Our main contributions are as follows: (1) We propose an integrate framework to implement both works of pulmonary nodule detection and segmentation in a single process; (2) We design 3 3D CNNs with different scales of receptive fields, and evaluate their performance with 2 different fusion methods to more extensively analyse the contextual information of the input; (3) We unite the SLIC and CNN classification process, to implement voxel-level nodule segmentation with only weakly-labeled training data, such as dataset provided by LUNA16 challenge, to release the drawback of the poorly provided fully-labeled data.
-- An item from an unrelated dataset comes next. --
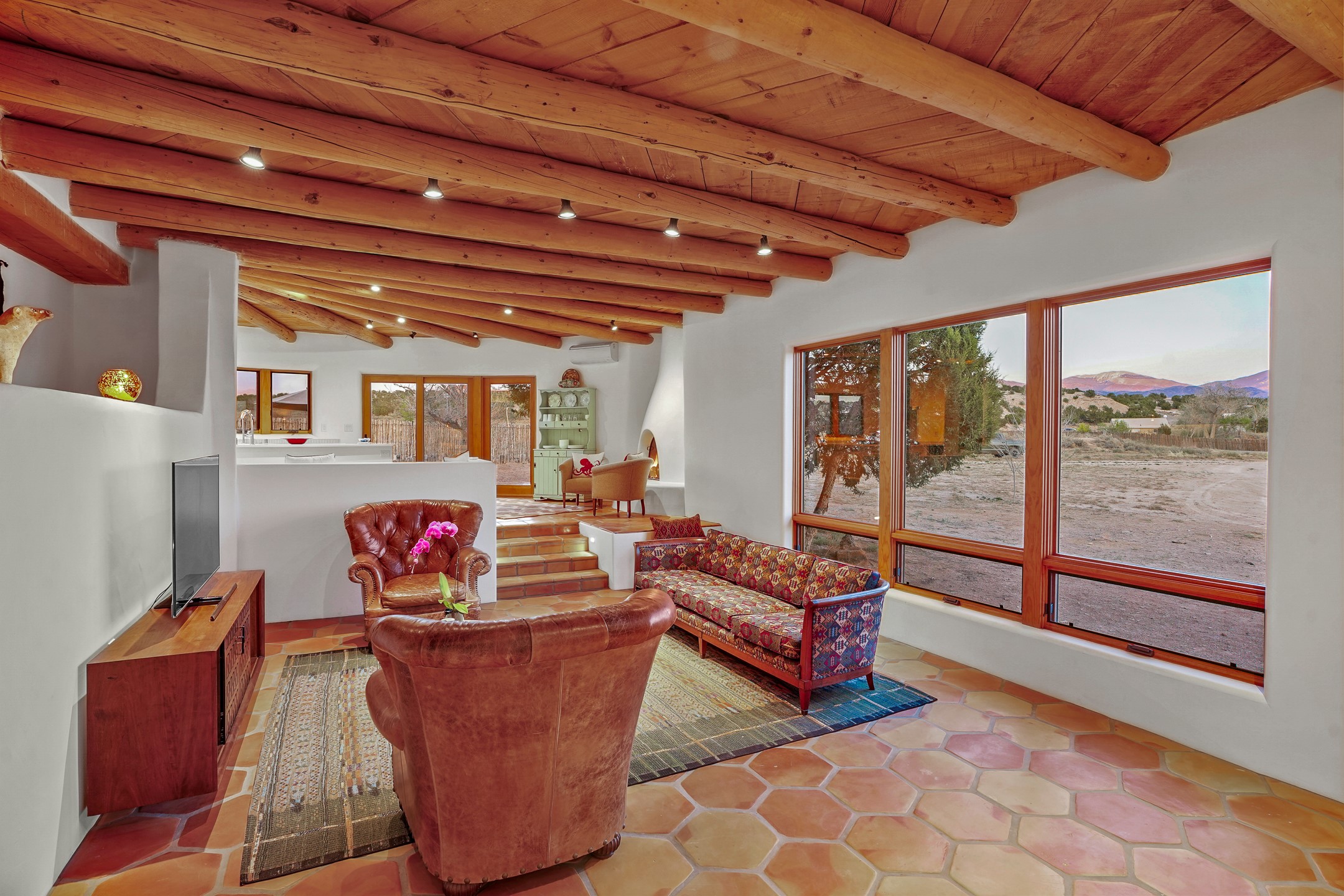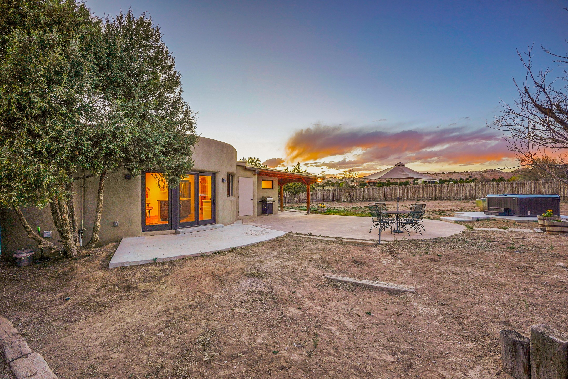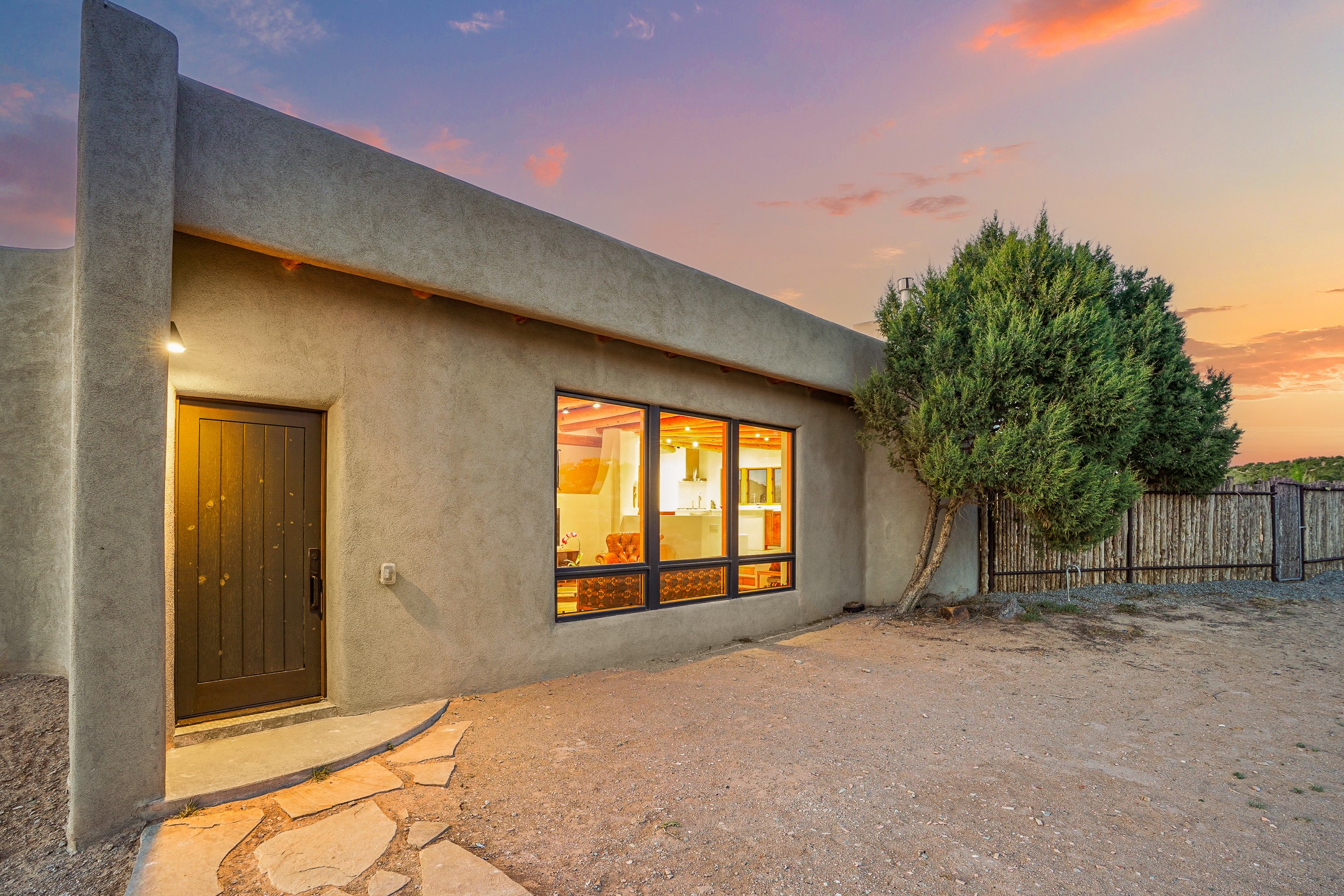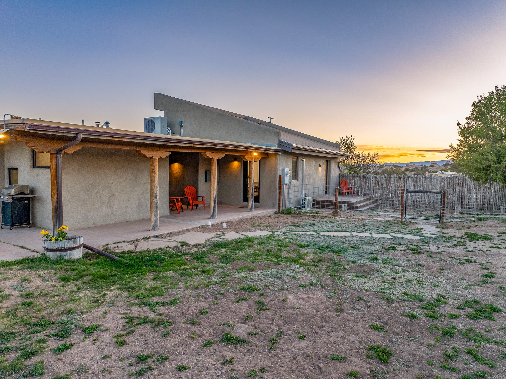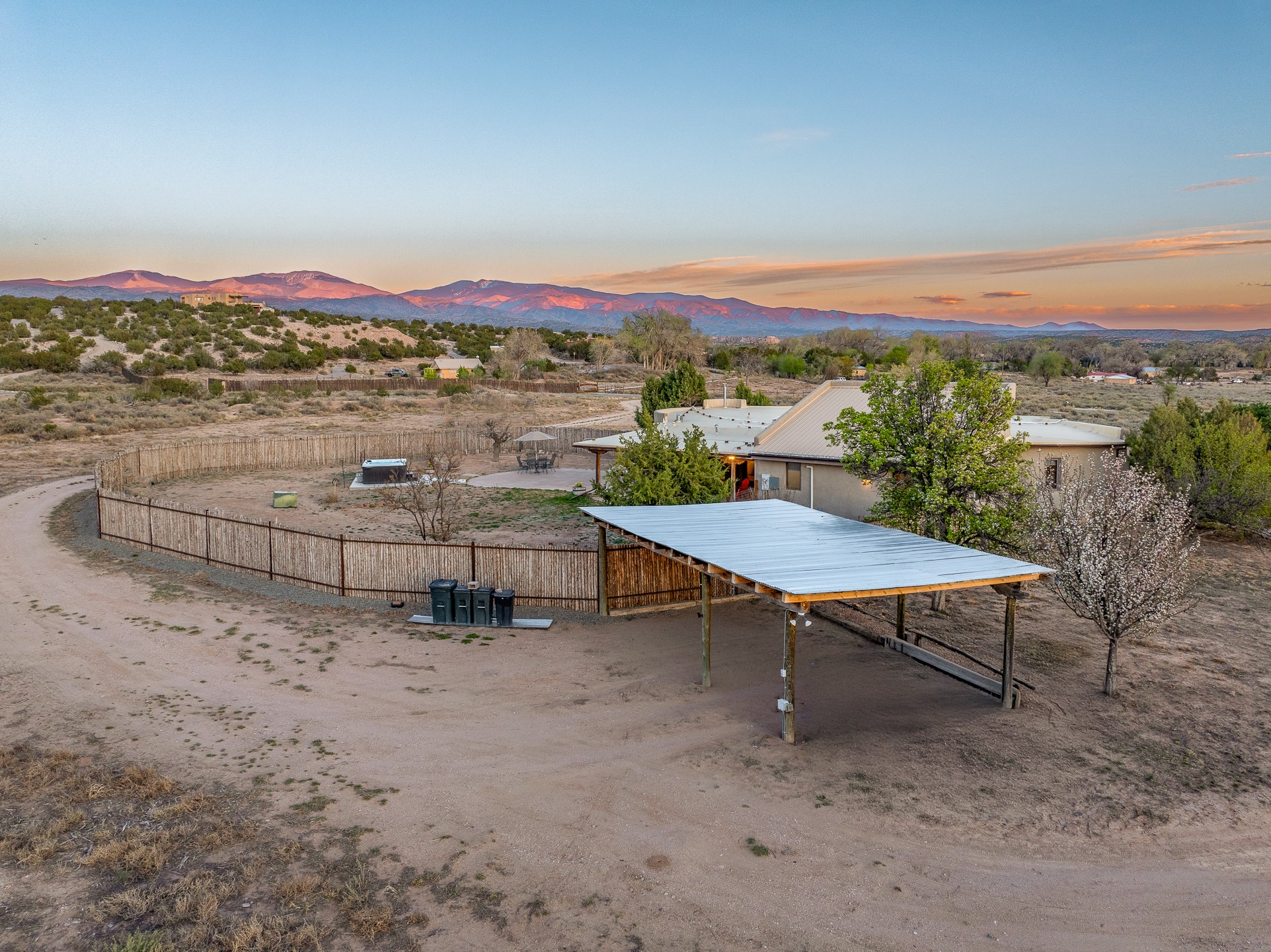 Tucked into the tranquil landscape of Namb and only a short drive from the heart of Santa Fe, 27 Loma Blanca is a beautifully renovated 3-bedroom, 3-bath home that seamlessly blends modern comforts with the natural beauty of northern New Mexico. Set on just over 5 acres with breathtaking views of the Sangre de Cristo Mountains to the east and Pojoaque Pueblo Badlands to the west, this property offers space, privacy, and the peace of the high desert. An extensive renovation has transformed this home from the ground up, including the addition of a new primary suite complete with a spacious ensuite bathroom. The reimagined kitchen is both functional and elegant, designed for modern living and entertaining. Additional updates include a brand-new TPO roofing system with transferable warranty, stucco siding, mini split heating and cooling and all new windows and doors--enhancing both curb appeal and year-round comfort. Designed with sustainability in mind, the home features a passive solar design that furthers its energy efficiency. Inside, tasteful updates extend throughout generous living areas and into the rare, expansive basement--ideal for storage, a studio, or a creative workspace. Outdoors, enjoy the fully enclosed yard surrounded by traditional latilla fencing, perfect for pets or peaceful evenings under the stars. For the adventurer or hobbyist, the property includes two RV hookups with all required connections directly adjacent to a three-bay carport. The property boasts a private well with attached irrigation rights, a rare and valuable asset in this region. Whether you're looking for a full-time residence, a weekend retreat, or a unique investment opportunity, 27 Loma Blanca offers the perfect blend of rural charm and modern living, all framed by some of the most iconic views in the Southwest.

The rest of this paper is organized as follows. The main details of our method are described in Sect. 2. The experimental details and results are introduced in Sect. 3. Section 4 organizes the discussion, and the conclusions are finally drawn in Sect. 5.

2 Method

The main process of our method is illustrated in Fig. 1. It can be summarised as four steps: (1) CT image preprocessing, (2) supervoxel generation, (3) deep learning based supervoxel classification and (4) predicted supervoxel combination. The supervoxel generation can be regarded as a candidate detection process to produce a set of candidate coordinates for further classification, and supervoxel classification corresponds to the step of false positive reduction. Their main details are as follows.

Fig. 1
figure 1

The main process of our method

2.1 Preprocessing

The input of our CAD system is a 3D CT image of a human’s chest. Such kind of CT images are produced from variant medical facilities, so their format differ very much, which makes it hard to analyse their spatial and contextual features. Therefore, preprocessing is an essential step to fit large amounts of variant data into a conform standard.

Preprocessing is always conducted by researchers for years, and there’re some particular kind of implementations for this process. Firstly, CT values in CT scans should be converted into Hounsfield unit (HU) values sometimes, where HU is a common standard of CT image processing. For our data is of off-the-shelf format, this step is not necessary in this paper. Secondly, resampling is needed for CT scans with different resolutions, which proceeds mathematical interpolation to modulate them into the same per-voxel spacing. Thirdly, lung space segmentation is performed by connectivity analysis to extract voxels inside the lung, which eliminates unnecessary subsequent calculations on lung walls and the outside air. Finally, normalization and centering should always be applied for deep learning methods, because deep neural networks are fragile for complicated training gradients, while such two processes can limit the intensity of features and keep training gradients in control.

2.2 Supervoxel generation

In contrast to traditional density (Jacobs et al. 2014; Setio et al. 2015) and curvature (Murphy et al. 2009) thresholding techniques for candidate detection, we use SLIC (Achanta et al. 2012) to produce candidate locations.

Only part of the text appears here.